Oil prices edged higher during Tuesday's Asian deals, although gains were limited as traders looked beyond easing geopolitical tensions in the Middle East and shifted their focus to recovering supply and the outlook for global demand.
By 2:55 pm AEST (4:55 am GMT), Brent crude futures had risen 50 cents, or 0.7%, to US$72.49 a barrel, while U.S. West Texas Intermediate (WTI) crude gained 42 cents, or 0.6%, to US$68.97 a barrel.
Both Brent and WTI settled 0.2% lower in the previous session.
ANZ analysts said refined fuel markets continued to outperform crude despite prices retreating from their recent highs.
"Oil product markets remain significantly tighter than crude markets. Refining margins continue to strengthen, particularly in the U.S., as robust fuel demand collides with lean inventories and constrained product supply.
"Gasoline inventories are still drawing down while distillate and jet fuel stocks have only recently stabilised, creating ongoing support for crack spreads despite crude prices retreating to pre-conflict levels.

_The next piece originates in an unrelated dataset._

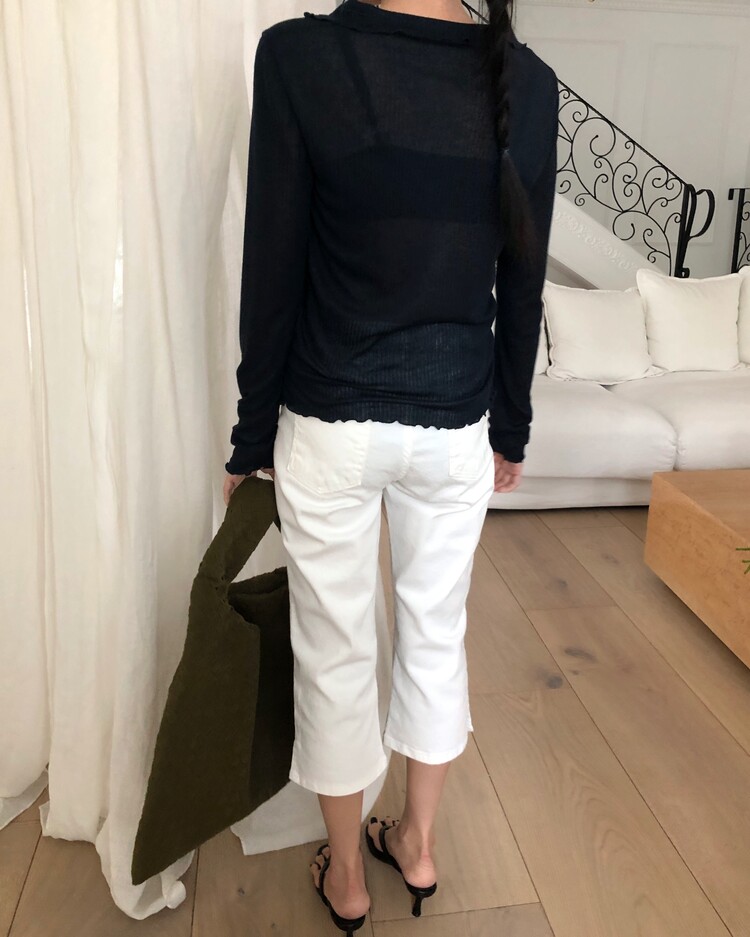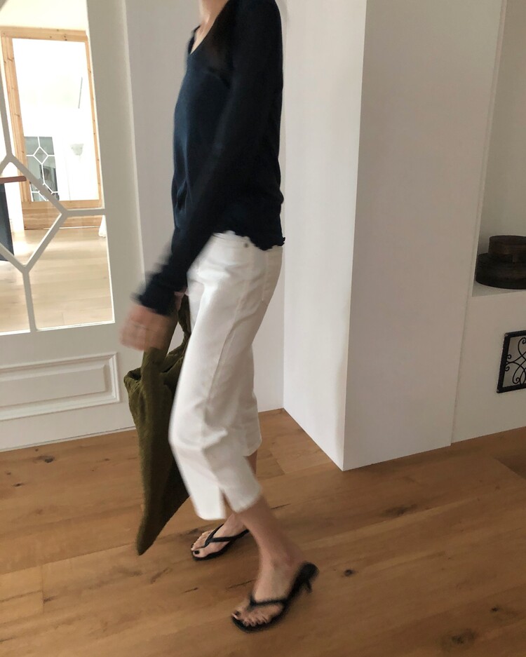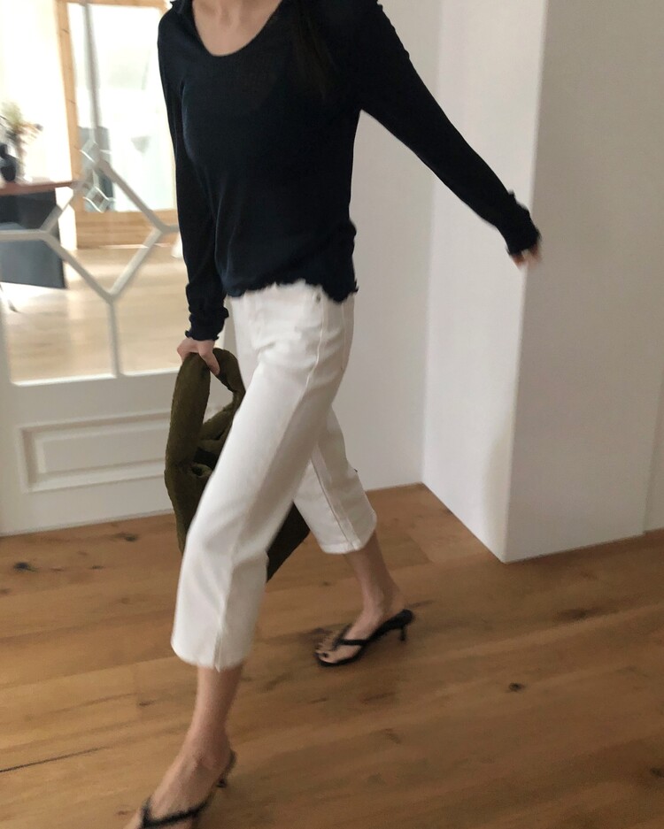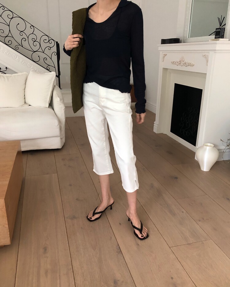 -9부 카프리 기장으로 설계되어 다리가 더욱 길어 보이며, 데일리하면서도 격식 있는 자리까지 활용 가능한 아이템

"And despite the recent surge in activity in the Strait of Hormuz, the recovery in oil flows is proving slower than expected.
"The initial rebound in tanker transits through the Strait of Hormuz has stalled, with vessel crossings remaining in single digits and no sustained recovery evident.
"While the interim U.S.-Iran agreement has reduced immediate geopolitical risks, shipping operators remain cautious, limiting the speed at which crude exports can return to normal levels."
Geopolitical developments remained in focus after U.S. President Donald Trump said on Monday the United States would either reach an agreement with Iran or "finish the job", renewing the threat of military action as Tehran continued to project defiance following the funeral of former Supreme Leader Ayatollah Ali Khamenei.
Markets have been closely monitoring negotiations between Washington and Tehran over shipping through the Strait of Hormuz while assessing the pace of recovery in Gulf oil exports.
According to Axios, citing two US officials, Iran's military fired at least two missiles at commercial vessels transiting the Strait of Hormuz on Monday night. The ships reportedly sustained significant damage, although no casualties were reported.
Separately, Reuters reported that Japanese-owned supertankers carrying Saudi Arabian crude were heading through the Strait of Hormuz on Tuesday, joining a fleet of previously stranded vessels that resumed their voyages a day earlier.
On the supply side, the United Arab Emirates increased crude production above 3.8 million barrels per day in June, its highest level since April 2020 and above pre-conflict levels, after departing from OPEC+ production quotas in May, according to Reuters estimates.
Meanwhile, the U.S. Department of Energy reported that crude inventories held in the Strategic Petroleum Reserve (SPR) fell by 6.2 million barrels in the week ended 3 July to 319.5 million barrels, the lowest level since April 1983.
The drawdown forms part of a U.S. plan to release 172 million barrels from the reserve to help offset tighter global supplies following the Iran conflict and ease pressure on fuel prices.
Over the weekend, the Organization of the Petroleum Exporting Countries and its allies, including Russia (OPEC+), agreed to raise collective production targets by a further 188,000 barrels per day from August, following similar increases in June and July.